Network-on-Chip and Special Function Units
Contemporary computer architectures are increasingly using multiple computing cores. This decision is primarily driven by the fact that the total power consumption of the chip has a hard constraint. It is envisioned that in the future, we will have a very large number of heterogeneous cores on the same die.
This leads to two key problems. The first problem is to design a fast, power-efficient Network on Chip (NoC) to interconnect these cores. The second problem arises from an opportunity. With the large number of available cores, there is the opportunity to design special function units tuned for specific computational tasks. Our work addresses the first problem by using a source-synchronous ring-based NoC. The data in the rings is transmitted in a source-synchronous fashion, strobed off of an extreme high speed, low power ring-based standing-wave resonant clocking paradigm. Our results indicate a 4.5X improvement in bandwidth and about 7.5X improved contention free latency using this approach, compared to the best existing approach. Ongoing work includes exploring network topologies, and benchmarking the NoC against real and synthetic traffic.
To address the second problem, my group has developed special purpose units for computational tasks such as sorting, comparison of two numbers, logarithm and antilogarithm computation, cryptographic key generation and Boolean Satisfiability.
Publications, patents and artefacts:
- “A Fast, Source-synchronous Ring-based Network-on-Chip Design”, Mandal, Khatri, Mahapatra. Design Automation and Test in Europe (DATE) conference 2012. Mar 12-26, Dresden, Germany. In this paper, we report an extremely fast NoC design using a source-synchronous data transfer. The clock used is an extremely fast, low power resonant clock.

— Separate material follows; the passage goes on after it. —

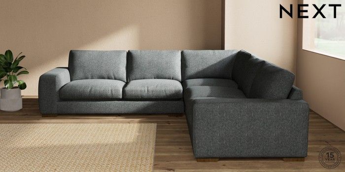 7.2.10 Houghton Deep Relaxed Sit Large Corner Sofa - Universal Cotswold Chenille Dark Grey Large Square Angle - Mid | Made Click here to use our website with more accessibility support, for example screen readers
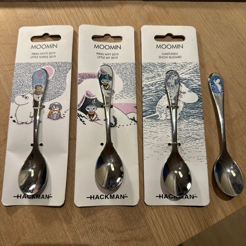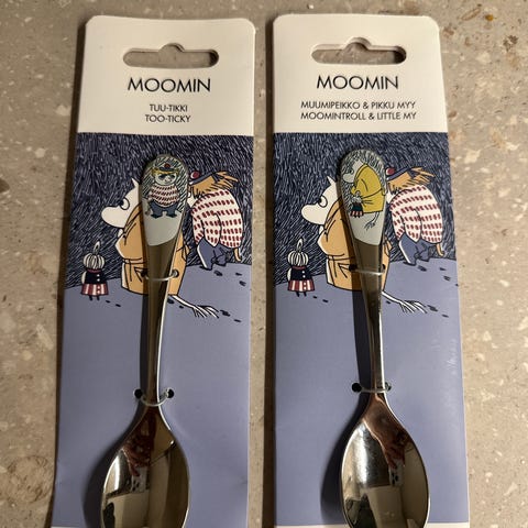 Hackman Moomin bestikksett med fire deler. Består av gaffel, kniv, spiseskje og teskje med Mummitrollet-motiv. Materiale i rustfritt stål. Helt ny, uåpnet pakke. Kjøpt på Jernia. Denne utgaven er nå utsolgt i alle butikker og på nett. Kostet 479 kr ny.

- “CMOS Comparators for High-Speed and Low-Power Applications”, Menendez, Maduike, Garg, Khatri. IEEE International Conference on Computer Design (ICCD), Oct 1-4, 2006, San Jose, CA, pp. 76-81. We present two novel ways to design hardware comparators, yielding about 37% improvement over competing approaches.
- “Sorting Binary Numbers in Hardware – a Novel Algorithm and its Implementation”, Alaparthi, Gulati, Khatri. International Symposium on Circuits and Systems (ISCAS) 2009, Taipei, Taiwan. May 24-27, 2009. In this paper, we present a fast special function unit for sorting, which is based on a column scan, and is significantly faster than the best known existing approach, with lower area (for larger numbers).
- “A Novel Cryptographic Key Exchange Scheme using Resistors”, Lin, Ivanov, Johnson, Khatri. IEEE International Conference on Computer Design (ICCD) 2011, Amherst, MA, Oct 2011. pp 451-452. In this paper, we report a practical FPGA based implementation of the Kish cipher, intended to use over the internet. Given a single shared secret between Alice and Bob, they are both able to generate a new shared secret (cryptographic key).
- “VLSI Implementation of a Non-Linear Feedback Shift Register for High-Speed Cryptography Applications”, Lin, Khatri. Great Lakes Symposium on VLSI (GLS-VLSI) 2010. Providence, RI May 16-18, 2010. This paper presents an extremely fast LFSR based cryptographic key generator, which can operate at rates which match OC-768 optical fiber communication rates.
- “A Fast Hardware Approach for Approximate, Efficient Logarithm and Antilogarithm Computations”, Paul, Jayakumar, Khatri. IEEE Transactions on Very Large Scale Integration Systems, vol. 17, number 2, Feb 2009, pp. 269-277.
- “An Efficient, Scalable Hardware Engine for Boolean Satisfiability and Unsatisfiable Core Extraction”, Gulati, Waghmode, Khatri, Shi. IET Computers and Digital Techniques, vol. 2, number 3, May 2008, pp. 214-229. This paper represents a hardware custom IC based implementation of a SAT solver. Boolean constraint propagation is done in hardware, in a fast, scalable manner.